Klyne                      Work-in-progress                  [Page 31]


RFC nnnn                    A syntax for describing media feature sets
14 December 1998


  -->  Combine feature tag comparisons and eliminate unsatisfiable
       conjunctions:

     (| (& (dpi=300) (grey=2) (color=0) (image-coding=MR) )
        (& (dpi=200) (grey=2) (color=0) (image-coding=MH) ) )

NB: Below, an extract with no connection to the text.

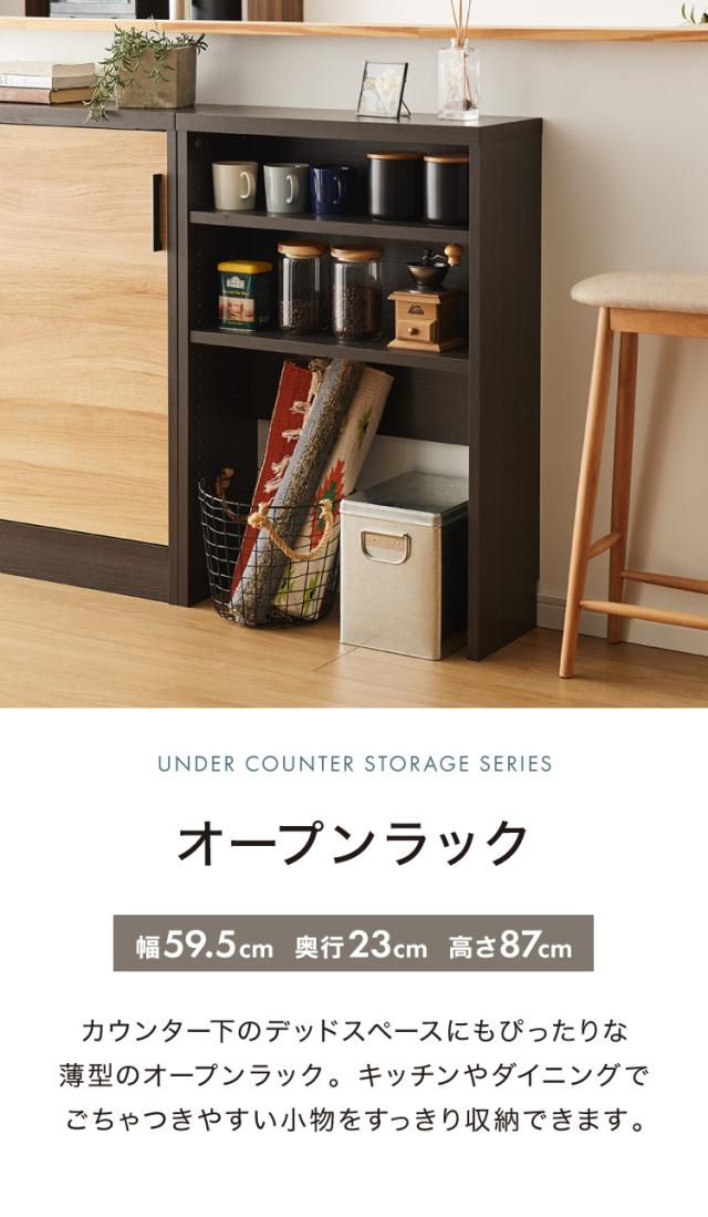 カウンター下収納 幅59.5cm 和モダン オープンタイプ ロータイプ おしゃれ キッチン収納 リビング収納 食器棚 コンパクト 省スペース キッチンカウンター 北欧 スリム 木製 木目調【送料無料

  Thus, we see that this combination of sender and receiver options
  can transfer a bi-level image, either at 300dpi using MR coding, or
  at 200dpi using MH coding.

  Points to note about the feature matching process:

  o  The colour document option is eliminated because the receiver
     cannot handle either colour (indicated by '(color=0)') or JPEG
     coding.

  o  The high resolution version of the document with '(dpi=300)' must
     be sent using '(image-coding=MR)' because this is the only
     available coding of the image data that the receiver can use for
     high resolution documents.  (The available 300dpi document
     codings here are MMR and MH, and the receiver capabilities are MH
     and MR.)

7.2 A note on feature tag scoping

  This section contains some additional commentary on the
  interpretation of feture set predicates.  It does not extend or
  modify what has been described previously.  Rather, it attempts to
  clarify an area of possible misunderstanding.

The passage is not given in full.